* **THE PROBLEM**
If pictures appear in the lines below, skip them and copy exactly the lines from the one containing "Title (ebay affiliate" through the one containing "In Châteaugiron, a", and nothing else.

___ EXTRACTED DATA

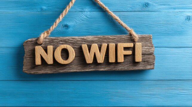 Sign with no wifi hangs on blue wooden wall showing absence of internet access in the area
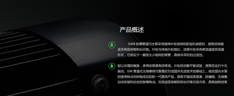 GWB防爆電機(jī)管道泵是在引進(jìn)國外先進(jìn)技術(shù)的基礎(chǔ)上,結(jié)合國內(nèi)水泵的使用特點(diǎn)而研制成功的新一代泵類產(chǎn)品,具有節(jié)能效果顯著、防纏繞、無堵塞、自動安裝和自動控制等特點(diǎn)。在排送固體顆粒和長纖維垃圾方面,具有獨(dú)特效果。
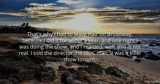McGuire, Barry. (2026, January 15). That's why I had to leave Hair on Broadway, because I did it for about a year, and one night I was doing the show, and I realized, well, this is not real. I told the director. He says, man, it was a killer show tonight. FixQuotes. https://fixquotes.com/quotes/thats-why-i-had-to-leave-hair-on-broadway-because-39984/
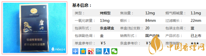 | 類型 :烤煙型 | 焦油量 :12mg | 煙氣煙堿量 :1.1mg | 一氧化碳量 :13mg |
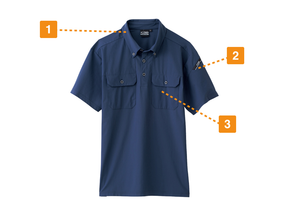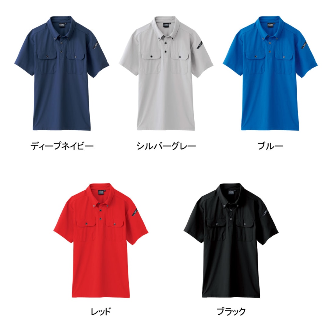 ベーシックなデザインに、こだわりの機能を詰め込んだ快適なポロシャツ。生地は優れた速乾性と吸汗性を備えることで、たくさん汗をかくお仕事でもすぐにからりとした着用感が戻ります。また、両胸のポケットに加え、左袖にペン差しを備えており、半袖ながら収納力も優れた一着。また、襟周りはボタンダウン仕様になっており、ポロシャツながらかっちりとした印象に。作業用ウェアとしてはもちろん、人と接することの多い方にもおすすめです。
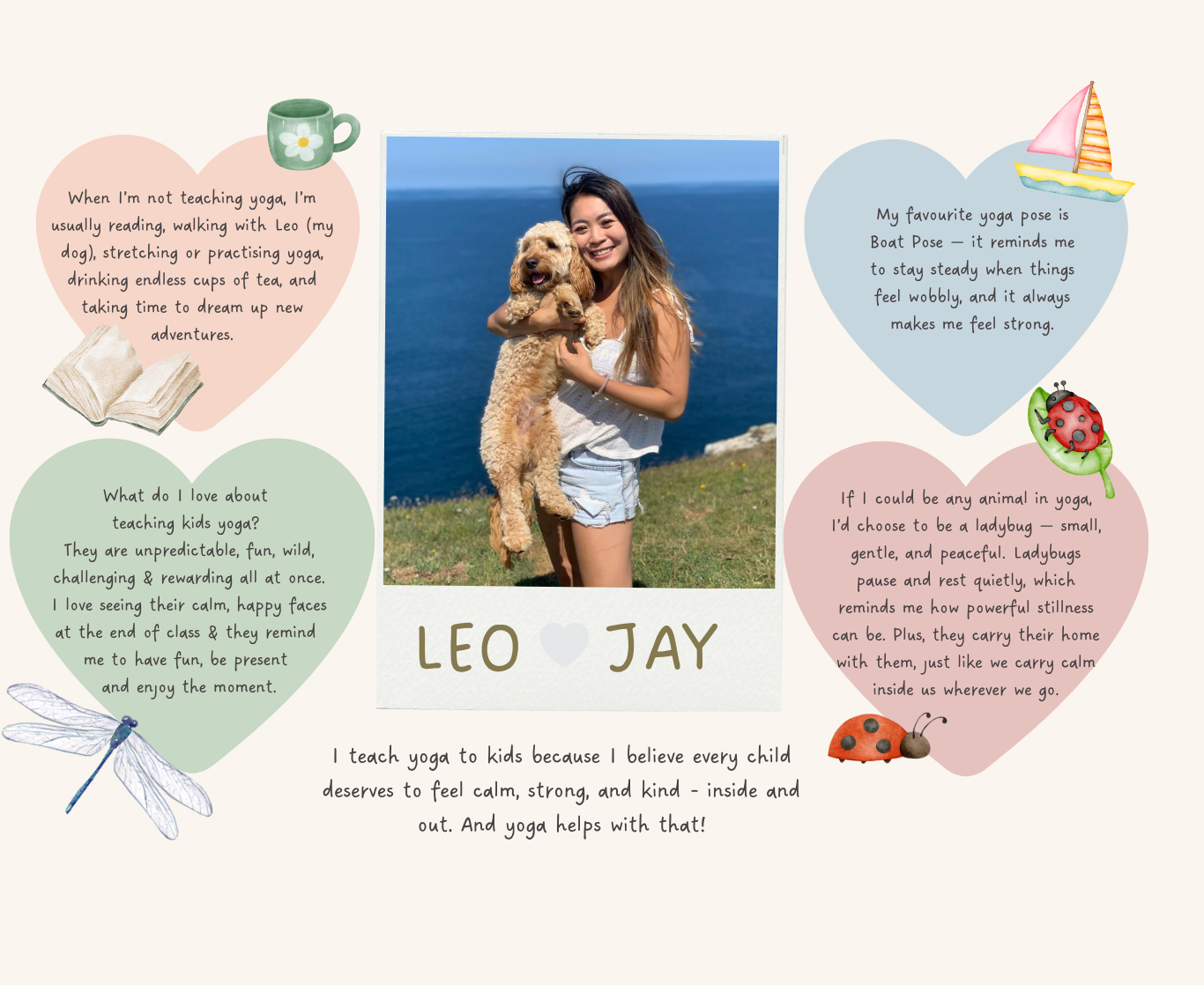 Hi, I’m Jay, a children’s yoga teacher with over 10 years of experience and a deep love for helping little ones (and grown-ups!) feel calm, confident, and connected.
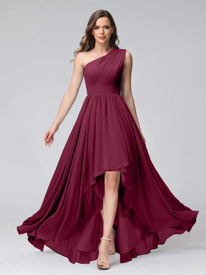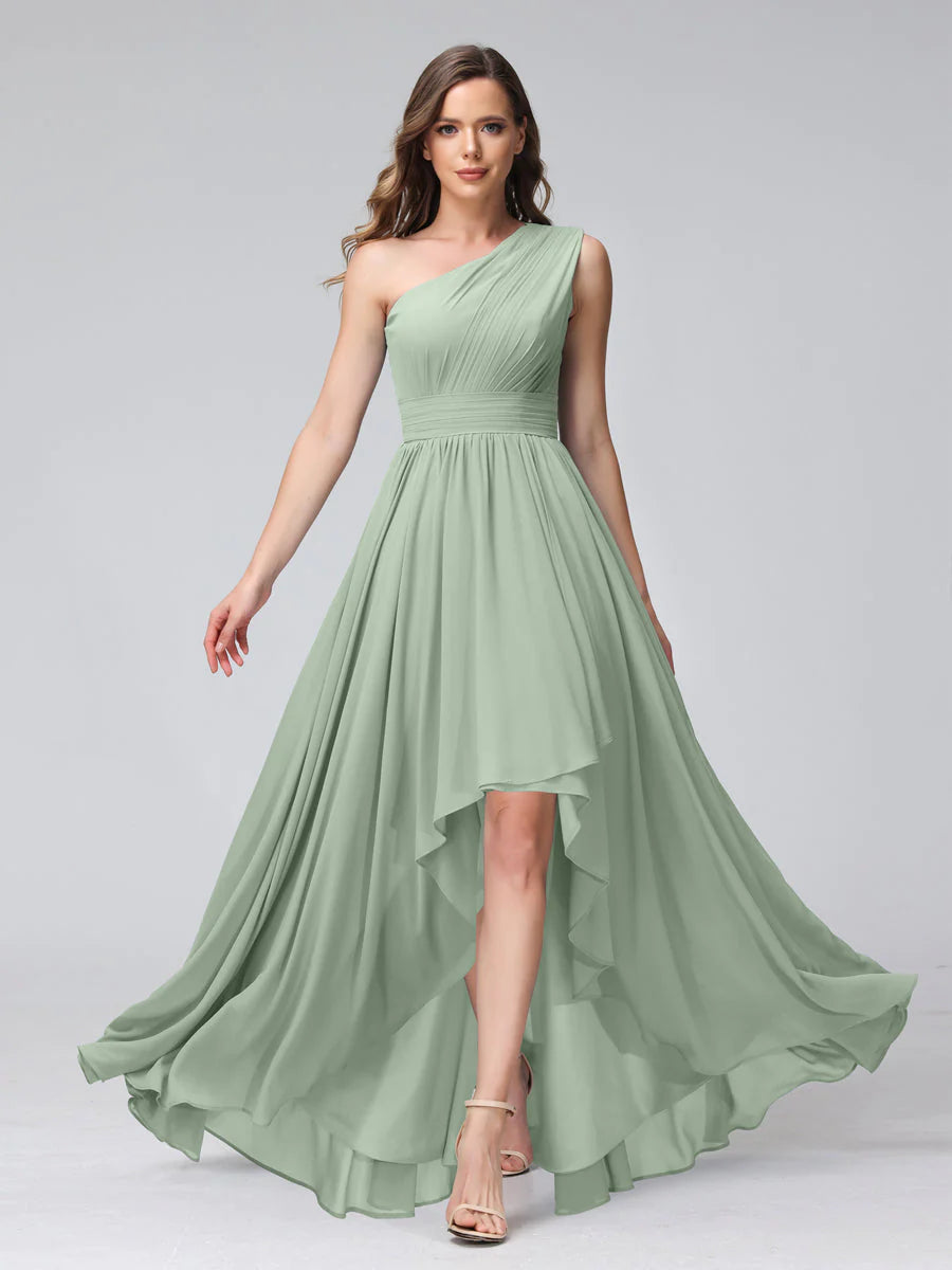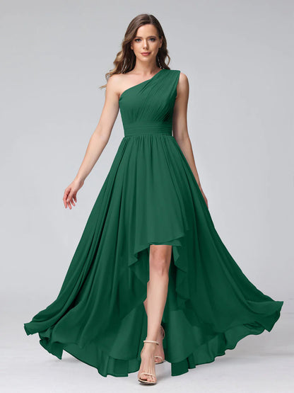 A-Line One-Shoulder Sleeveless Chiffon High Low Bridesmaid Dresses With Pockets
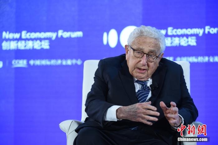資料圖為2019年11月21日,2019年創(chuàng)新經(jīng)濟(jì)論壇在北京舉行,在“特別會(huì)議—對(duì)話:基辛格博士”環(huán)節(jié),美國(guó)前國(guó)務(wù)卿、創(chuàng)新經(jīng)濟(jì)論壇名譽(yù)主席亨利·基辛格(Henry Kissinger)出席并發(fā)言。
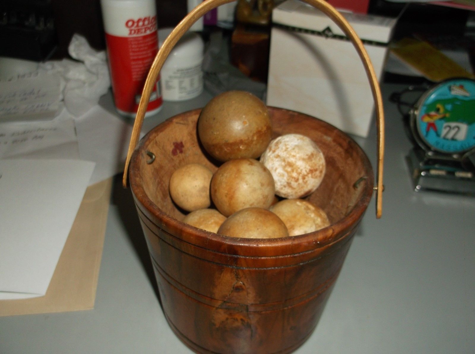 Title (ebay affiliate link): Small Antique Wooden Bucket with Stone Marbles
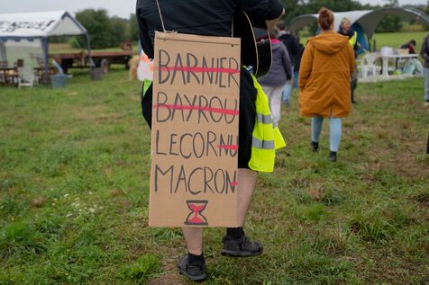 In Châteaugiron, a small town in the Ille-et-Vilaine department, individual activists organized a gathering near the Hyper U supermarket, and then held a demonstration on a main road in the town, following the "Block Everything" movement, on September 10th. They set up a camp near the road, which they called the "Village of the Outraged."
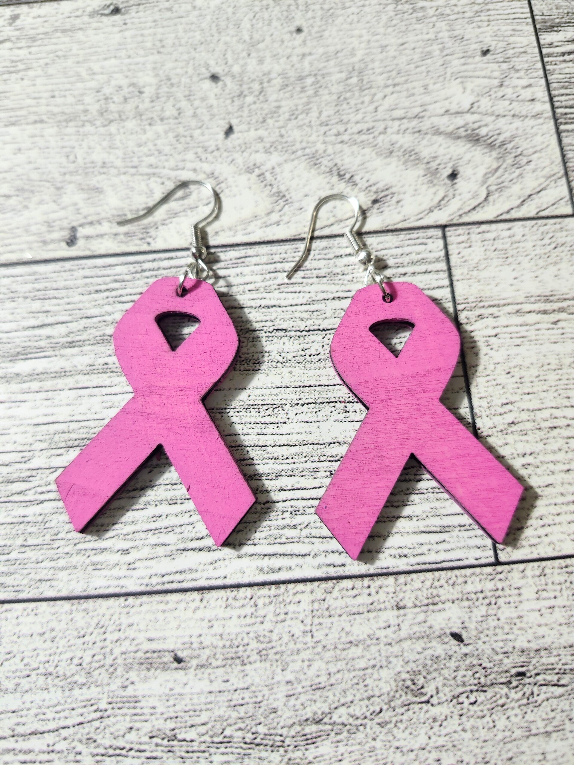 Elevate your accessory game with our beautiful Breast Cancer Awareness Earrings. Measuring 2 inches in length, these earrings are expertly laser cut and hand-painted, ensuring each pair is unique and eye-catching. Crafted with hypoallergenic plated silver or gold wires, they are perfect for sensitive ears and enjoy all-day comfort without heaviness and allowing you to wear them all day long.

______
___ EXTRACTED DATA

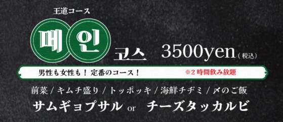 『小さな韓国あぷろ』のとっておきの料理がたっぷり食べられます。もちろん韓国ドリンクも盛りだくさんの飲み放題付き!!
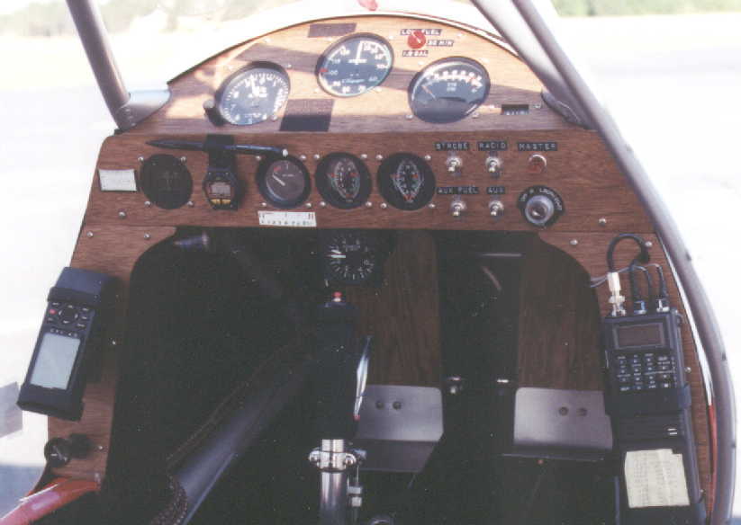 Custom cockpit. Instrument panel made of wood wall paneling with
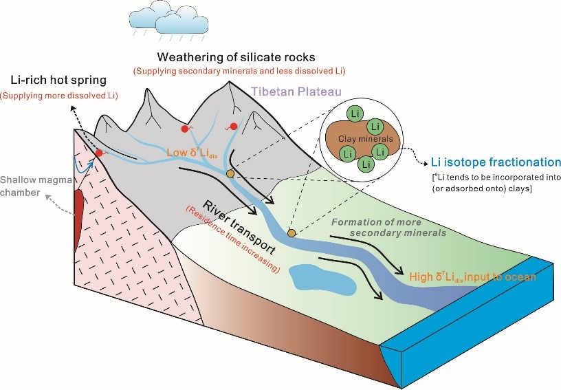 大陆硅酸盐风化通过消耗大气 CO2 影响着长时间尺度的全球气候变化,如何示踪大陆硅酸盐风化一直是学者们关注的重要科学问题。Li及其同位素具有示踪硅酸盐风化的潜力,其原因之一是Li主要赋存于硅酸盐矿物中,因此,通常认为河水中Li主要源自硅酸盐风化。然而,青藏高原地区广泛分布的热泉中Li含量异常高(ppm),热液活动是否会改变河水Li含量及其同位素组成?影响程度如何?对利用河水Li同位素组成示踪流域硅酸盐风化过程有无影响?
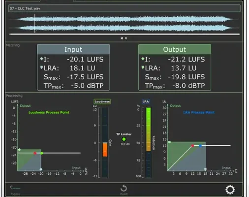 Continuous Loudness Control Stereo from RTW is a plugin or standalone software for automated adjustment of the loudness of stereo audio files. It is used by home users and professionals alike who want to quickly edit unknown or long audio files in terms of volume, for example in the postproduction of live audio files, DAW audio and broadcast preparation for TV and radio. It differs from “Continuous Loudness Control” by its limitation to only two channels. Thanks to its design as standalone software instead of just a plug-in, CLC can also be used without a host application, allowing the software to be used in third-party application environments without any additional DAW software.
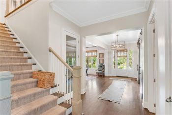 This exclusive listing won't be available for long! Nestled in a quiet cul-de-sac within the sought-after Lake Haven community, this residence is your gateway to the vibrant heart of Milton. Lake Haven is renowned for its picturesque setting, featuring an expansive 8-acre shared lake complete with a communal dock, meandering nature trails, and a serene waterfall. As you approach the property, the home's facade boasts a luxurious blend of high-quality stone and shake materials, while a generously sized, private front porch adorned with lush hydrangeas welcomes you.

______

* **REPLY**
 Title (ebay affiliate link): Small Antique Wooden Bucket with Stone Marbles
 In Châteaugiron, a small town in the Ille-et-Vilaine department, individual activists organized a gathering near the Hyper U supermarket, and then held a demonstration on a main road in the town, following the "Block Everything" movement, on September 10th. They set up a camp near the road, which they called the "Village of the Outraged."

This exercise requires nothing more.